Gionni Di Clemente
Danza degli Spiriti

Dodicilune Dischi – Ed 227 – 2006

Gionni Di Clemente: chitarre, sitar, oud
Elmer Schafer: sassofoni, clarinetto basso
Graziano Caproni: pianoforte, fisarmonica, tastiere
Emiliano Macrini>: contrabbasso
Morgan Fascioli>: batteria, percussioni

 Danza degli Spiriti


Danza degli Spiriti è l’album di debutto dell’ensemble di Gionni Di Clemente. Il virtuoso chitarrista pugliese, che alla chitarra classica alterna il sitar e l’oud, considerato dagli arabi il sultano degli strumenti musicali, è qui accompagnato dai sassofoni e dal clarinetto basso dello svizzero Elmar Schafer, dal piano di Graziano Caprioni, dal basso di Emiliano Macrini e dalle percussioni di Morgan Fascioli.

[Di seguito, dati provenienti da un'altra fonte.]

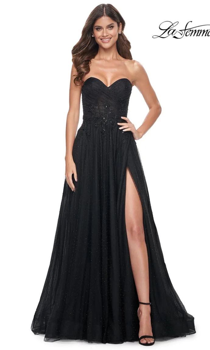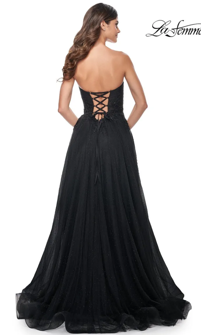 This black tulle dress features a sweetheart neckline and tonal lace applique details. The strapless design is perfect for a formal event and the A-line silhouette flatters all body types. Elevate your prom look with this elegant dress.
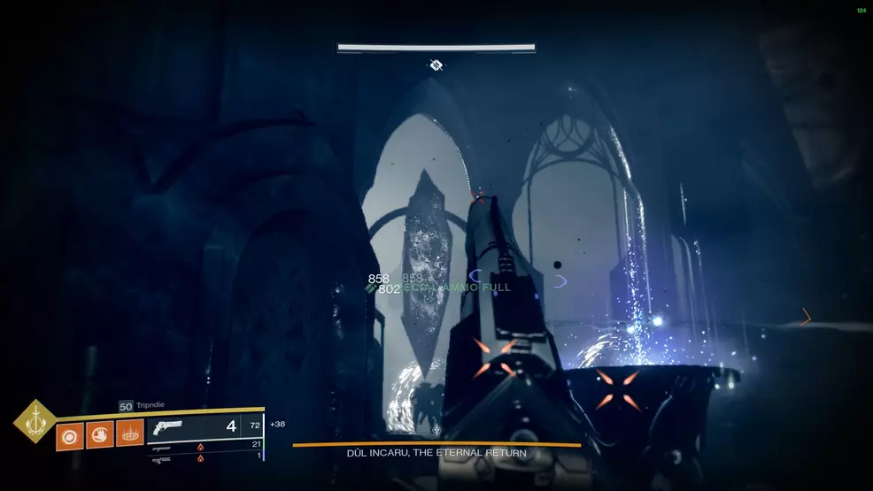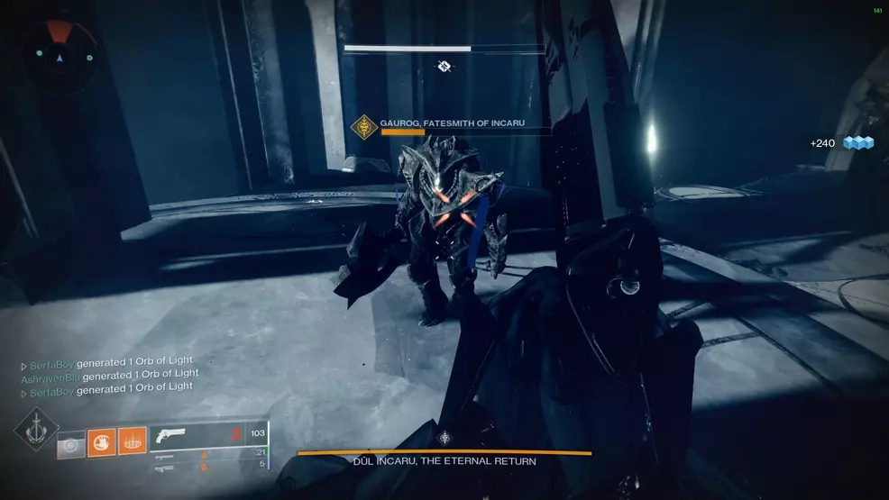 How the boss fight against Dul Incaru works is straightforward: killing the Knights drops a buff that allows players to deal damage to Dul Incaru. Though the buff allows players to deal damage, it will also kill them when the timer reaches zero unless they remove it by standing on the central brazier. When the Knights’ health drops, Dul Incaru will summon a crystal to shield the Knights, destroying the crystal removes their shields but also summons two groups of Taken Psions. When a Knight dies, it will respawn after roughly 60 seconds.

La sempre continua ricerca musicale e culturale che ha da sempre portato Di Clemente ad interessarsi alle diverse tradizioni etniche sembra trovare in questo quintetto la sua naturale collocazione in cui vengono miscelati ritmi della cultura araba, balcanica e indiana passando per il jazz e la fusion in suggestivi momenti che ci riportano alla mente le atmosfere degli Oregon, dove Ralph Tower viene non a caso citato insieme a Egberto Gismondi come uno dei riferimenti artistici. L’album, composto da dieci brani, tutti originali, per quasi un’ora di eleganti melodie, è un perfetto viaggio musicale che tocca diverse aree geografiche, dai paesi mediterranei all’India, ma che non si può certamente sminuire etichettandolo come world music. È più che altro un mix di suggestivi sapori e atmosfere che via via ci accompagnano all’ascolto, impreziositi dall’uso di strumenti tradizionali mai comunque banali o forzati. Ed ecco dunque passare dal jazz del brano d’apertura Cliff of Moher, all’atmosfera più malinconica Musica, dall’omaggio di Epitaffio a Nick Drake, altro riferimento musicale del leader, fino alle più arabeggianti Afida e Jorma. Danza degli spiriti è senza dubbio un piccolo capolavoro sia per gusto che per le qualità degli interpreti, dove finalmente alla tecnica individuale viene preferita la volontà e il piacere comune di creare qualcosa di gradevole e raffinato mettendo da parte inutili virtuosismi, caratteristica (ahinoi) sempre più difficile trovare nelle produzioni moderne.